Dynamic Grammar-Compressed Self-Index in $delta$-Optimal Space
For practitioners managing highly repetitive dynamic string collections (e.g., versioned documents, genomic databases), this index offers the first solution with optimal space and practical speed.
The authors present the first dynamic grammar-compressed self-index achieving δ-optimal space, supporting efficient locate queries and updates without LCP dependence. On large repetitive datasets, it outperforms existing dynamic indexes by up to 77× on updates and 11× on locate.

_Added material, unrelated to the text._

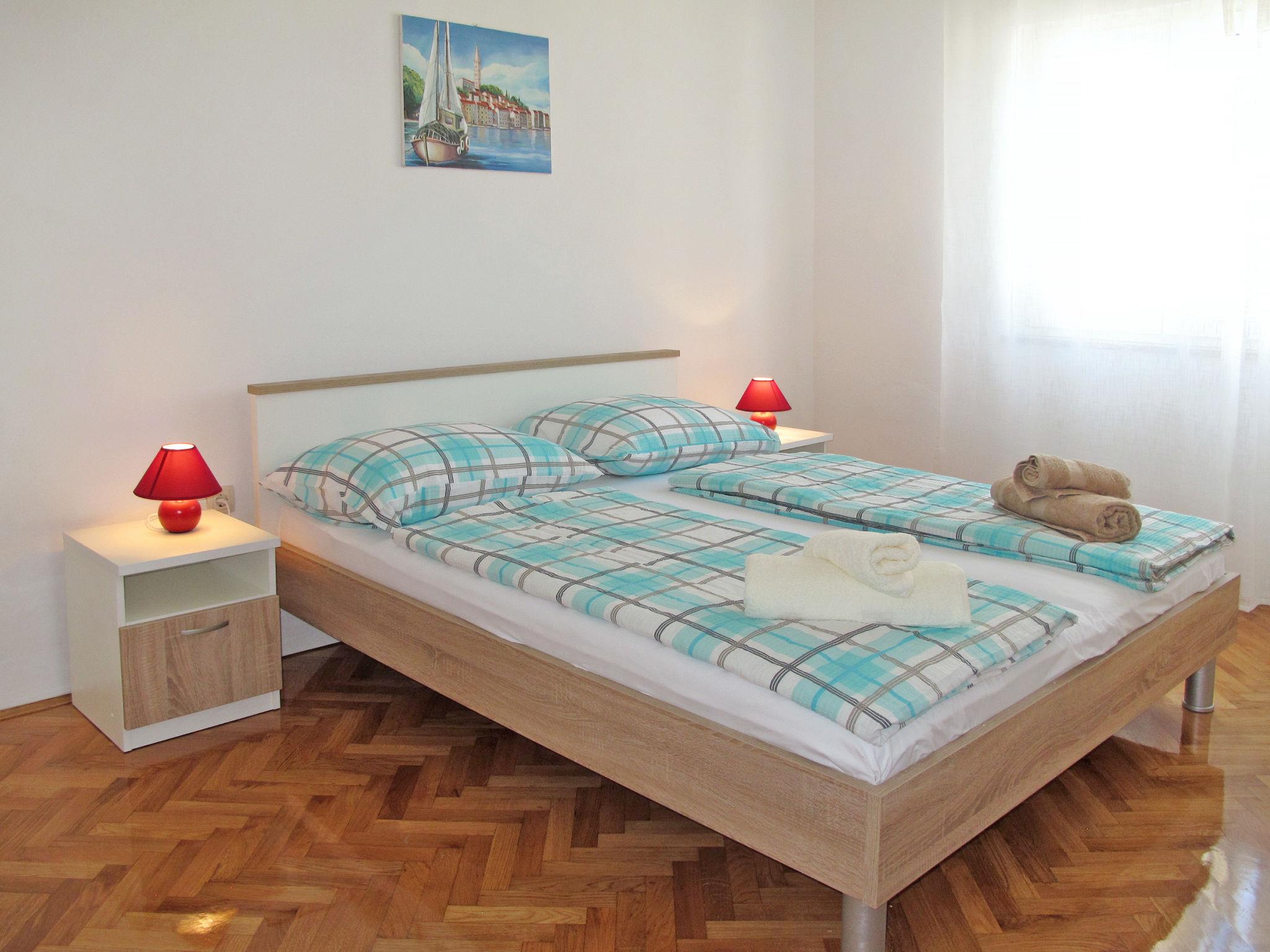 "Luka", 3-room apartment 75 m2, on the ground floor. Living/dining room with 1 sofabed (160 cm, length 200 cm), satellite TV and air conditioning. Exit to the terrace. 2 rooms, each room with 1 double bed (2 x 80 cm, length 200 cm). Open kitchen (oven, dishwasher, 4 gas rings, toaster, kettle, freezer, electric coffee machine). Shower/WC. Heating (extra), air-conditioning (extra). Terrace 22 m2. Terrace furniture, barbecue (portable), deck chairs. Facilities: washing machine, baby cot (extra). Internet (WiFi, free). Please note: non-smoking house. Maximum 1 pet/ dog allowed.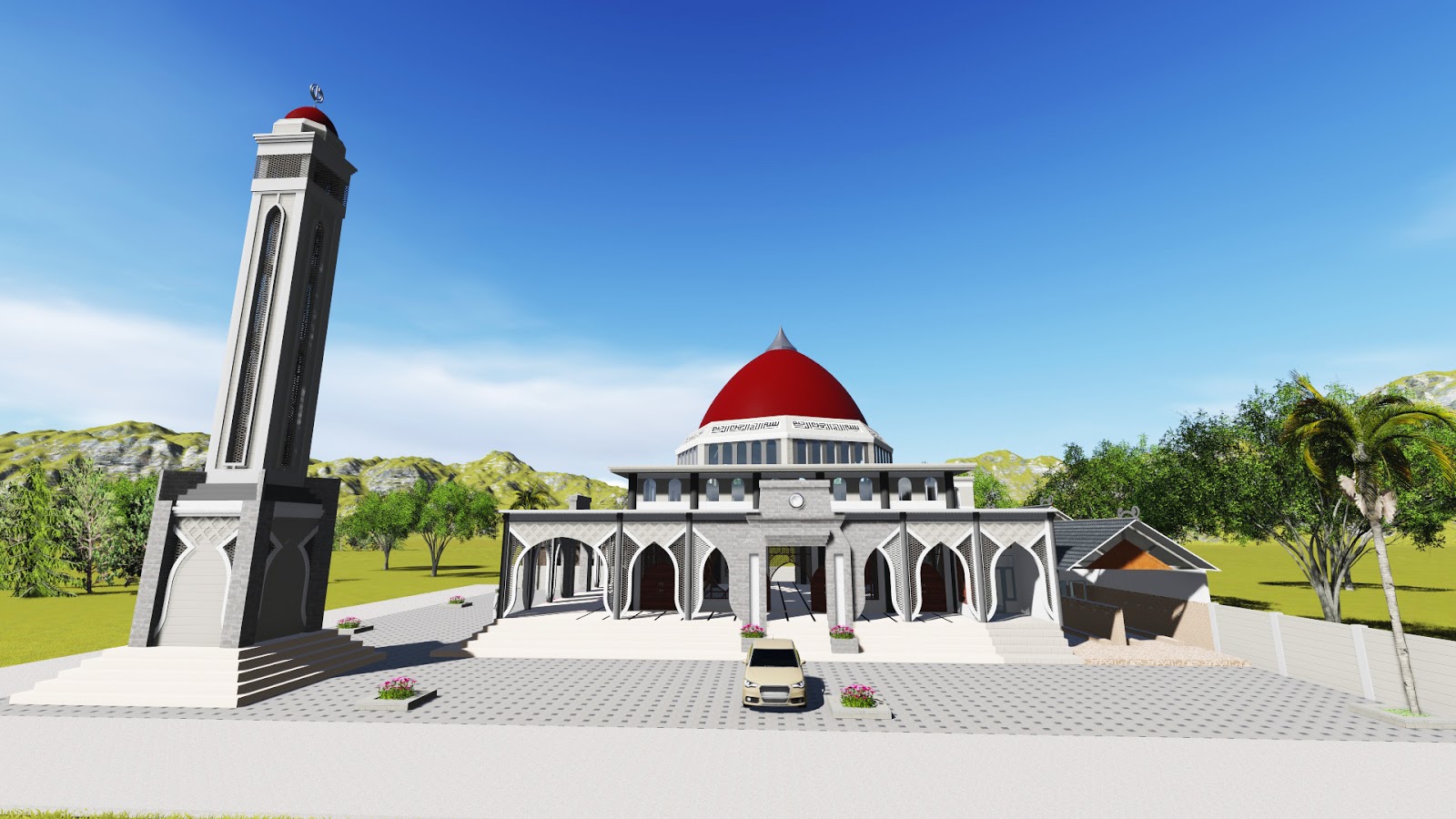 3D MODEL COLLECTION PALM OIL MILL MACHINERY THE ACTUAL SIZE & GENERAL » Gambar Model 3D Masjid Al Muttaqin Pangkalan Kerinci

A compressed self-index stores a string in compressed form while supporting locate queries without decompression. For highly repetitive strings (arising in web crawls, versioned documents, and genomic collections), static self-indexes can match the $δ$-optimal lower bound of $Ω(δ\log(n \log σ/ (δ\log n)) \log n)$ bits up to constant factors, where $n$ is the string length, $σ$ is the alphabet size, and $δ$ is the substring complexity. Their dynamic counterparts, however, remain scarce: every existing dynamic self-index either fails to attain $δ$-optimal space, pays at least $Θ(\log n)$ time per reported occurrence during locate, or exposes the longest common prefix (LCP) of the text inside its update time. We present the dynamic RR-index, a dynamic grammar-compressed self-index built on the restricted recompression run-length straight-line program (RLSLP). To our knowledge, it is the first dynamic self-index to attain $δ$-optimal space. The index occupies expected $O(δ\log(n \log σ/ (δ\log n)) \log n)$ bits, answers locate queries in expected $O(m + \log m \log^{2} n + \mathit{occ} (\log n / \log \log n))$ time (where $m$ is the pattern length and $\mathit{occ}$ is the number of occurrences), and supports insertions and deletions of a length-$m'$ substring in expected amortized $O(m' \log^{2} n + \log^{3} n)$ time, with no dependence on the LCP. On eleven highly repetitive corpora, including a $37$ GB Wikipedia dump and a $59$ GB human-chromosome collection, the dynamic RR-index is up to $77\times$ faster than the dynamic r-index on updates and up to $11\times$ faster than other dynamic indexes on locate.